손실함수는 교차 엔트로피(cross entropy)를 사용하고 최적화는 아담 옵티마이저(Adam optimizer)를 이용한다. 학습률은 0.001이다. 모델을 학습하는 부분은 다음과 같았다.

history = model.fit(x_train, y_train, epochs=10, validation_split=0.25)

model.fit 대신에 다음과 같이 tf.GradientTape 를 사용하여 모델을 학습하며, 테스트 데이터셋을 이용하여 정확도를 계산하는 부분도 함께 처리한다.

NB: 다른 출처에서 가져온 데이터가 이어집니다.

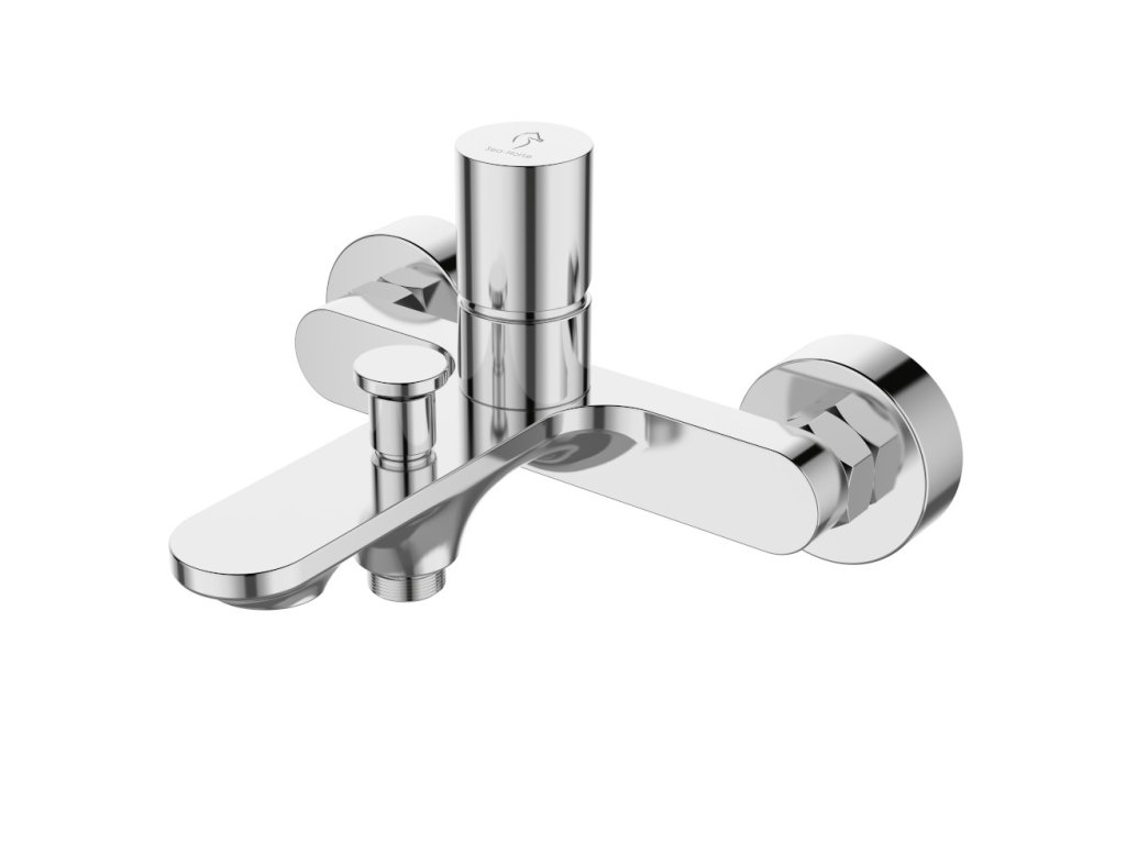 Táto elegantná vaňová batéria Bluo vyniká moderným a minimalistickým vzhľadom. Telo batérie je vyrobené z mosadze, ktorá je potiahnutá vrstvou lesklého chrómu.

def train_step(images, labels):
  with tf.GradientTape() as tape:
    predictions = model(images)
    loss = get_loss(labels, predictions)
  grad = tape.gradient(loss, model.trainable_variables)
  opt.apply_gradients(zip(grad, model.trainable_variables))

  mean_train_loss(loss)
  train_accuracy(labels, predictions)

def test_step(images, labels):
  predictions = model(images)
  loss_t = get_loss(labels, predictions)

  mean_test_loss(loss_t)
  test_accuracy(labels, predictions)

train_step은 학습용 데이터셋으로 신경망을 학습하는 함수이고, test_step는 테스트 데이터셋으로 학습 성능을 계산하는 함수다. GadientTape.gradient 로 미분을 계산하며 apply_gradient 로 신경망 파라미터를 업데이트한다. 학습용 배치 데이터셋을 32개로 설정한다.

batch_train = tf.data.Dataset.from_tensor_slices((x_train, y_train)).shuffle(10000).batch(32)
batch_test = tf.data.Dataset.from_tensor_slices((x_test, y_test)).batch(32)

에폭 10번의 학습을 실시하며 에폭마다 학습 결과를 표시한다.

EPOCHS = 10

train_loss_history = []
test_loss_history = []

for epoch in range(EPOCHS):
  for images, labels in batch_train:
    train_step(images, labels)

  for images, labels in batch_test:
    test_step(images, labels)

  train_loss_history.append(mean_train_loss.result().numpy())
  test_loss_history.append((mean_test_loss.result().numpy()))

  print('epoch: {}, loss: {}, accuracy: {}, test_loss: {}, test_acc: {}'.format(
    epoch+1,
    mean_train_loss.result(),
    train_accuracy.result(),
    mean_test_loss.result(),
    test_accuracy.result()
  ))

약 99%의 테스트 정확도가 나온다.

다음은 테스트 데이터셋에서 20개의 패션 이미지를 추출하여 CNN이 아이템을 제대로 인식했는지 보기 위한 코드이다.

labels = model(x_test)

fig = plt.figure(figsize=(10,10))
for i in range(20):
    subplot=fig.add_subplot(4,5,i+1)
    subplot.set_xticks([])
    subplot.set_yticks([])
    subplot.set_title('%d' % np.argmax(labels[i]))
    subplot.imshow(x_test[i].reshape(28,28), cmap='gray')

plt.show()

다음 그림이 그 결과이다. 패션 아이템을 제대로 인식한 것을 알 수 있다.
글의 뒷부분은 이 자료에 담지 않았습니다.